Aí não dava outra: a mãe saía à janela e ele esticava o braço e baixava o
som da radiola, que tocava The Beatles sem parar. Isso porque a mãe iria elevar
Anamaria entre as nuvens e os anjos: “Que chique é a Anamaria!” — dizia a
mãe. — “Olha o camiseiro dela! Os punhos, a pala dos bolsos, a gola... Tudo a
condizer com a risca mais clara. E olha a fita de cetim no rabo de cavalo... Gente
do céu!”.
E toda vez que ela passava, ele pensava no que fazer por um olhar.

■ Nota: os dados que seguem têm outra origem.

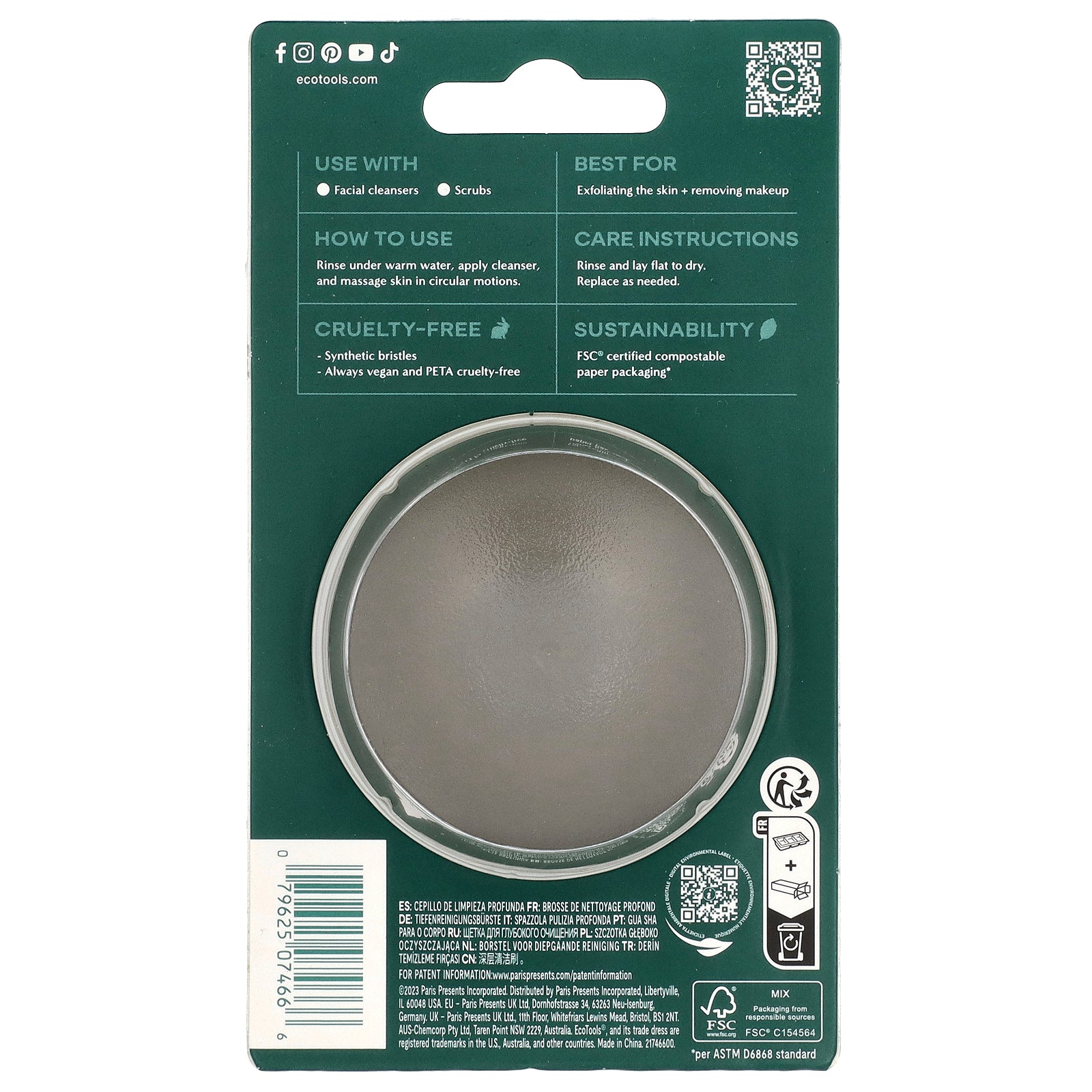 The Deep Cleansing Brush is designed with dermatologist-tested, cruelty free bristles for deep pore cleaning and exfoliation.

Pensava muitas coisas. Até em fazer em seus olhos castanhos o olhar azul de
Paul Newman, ele pensava.
Ele pensava muitas loucuras, pensa você que não? Por exemplo: queria
ser James Dean, rodando um extravagante automóvel na rua onde ela passava.
Pode umas coisas dessas?! Ah! E quanto se quis ser Roberto, e cantar “Eu Te
Darei o Céu”, ajoelhado à frente dela, quando ela passasse!
Mas os dias passam correndo. Os dias vão-se somando, e formam um
bolo de dias, e outros bolos cresceram e se cobriram de bolor porque Anamaria
já não passava na rua.
Não passava, vírgula; passou. Foi num domingo de sol. Nesse dia não lhe
foi preciso saltar-se ao sofá e folhear a Manchete com a Sandra Bréa na capa
sempre na mesinha de centro. Também não lhe foi preciso esticar o braço e
baixar o som do 3EM1, que tocava “Say You, Say Me” sem parar. Isso porque já
não se ouviam os passos da mãe no corredor.
Mas se os ouvisse, e se sua mãe saísse à janela, ela iria elevar Anamaria
entre as nuvens e os anjos: “Que chique é a Anamaria! Olha a cintura marcada,
e as fendas do seu vestido verde-lima... Nossa! Os acessórios são dourados, os
olhos bem pintados e o batom castanho-escuro... Gente do céu!”.
Ela, que não o olhava, viu-o. Foi o primeiro olhar. E ele que pensava em
milhões de coisas para ter o seu olhar, jamais pensou que aquele momento ia-
lhe doer tanto. Isso porque Anamaria, ao segurar o cabelo do vento, mostrou-
lhe, involuntariamente, a aliança dourada que o sol fez brilhar aos seus olhos e
coração. E, depois de se olharem por um instante, ela se foi.
Ela se foi, deixando-lhe o tempo parado. Não que ela assim o quisesse.
Foi o tempo em que eles deveriam trocar o olhar que esperou demais. E,
cansado de esperar, parou. Então, ele se fez mais lógico e desligou a música e
foi-se deitar. Não se soube, porém, a loucura que fez de não acordar.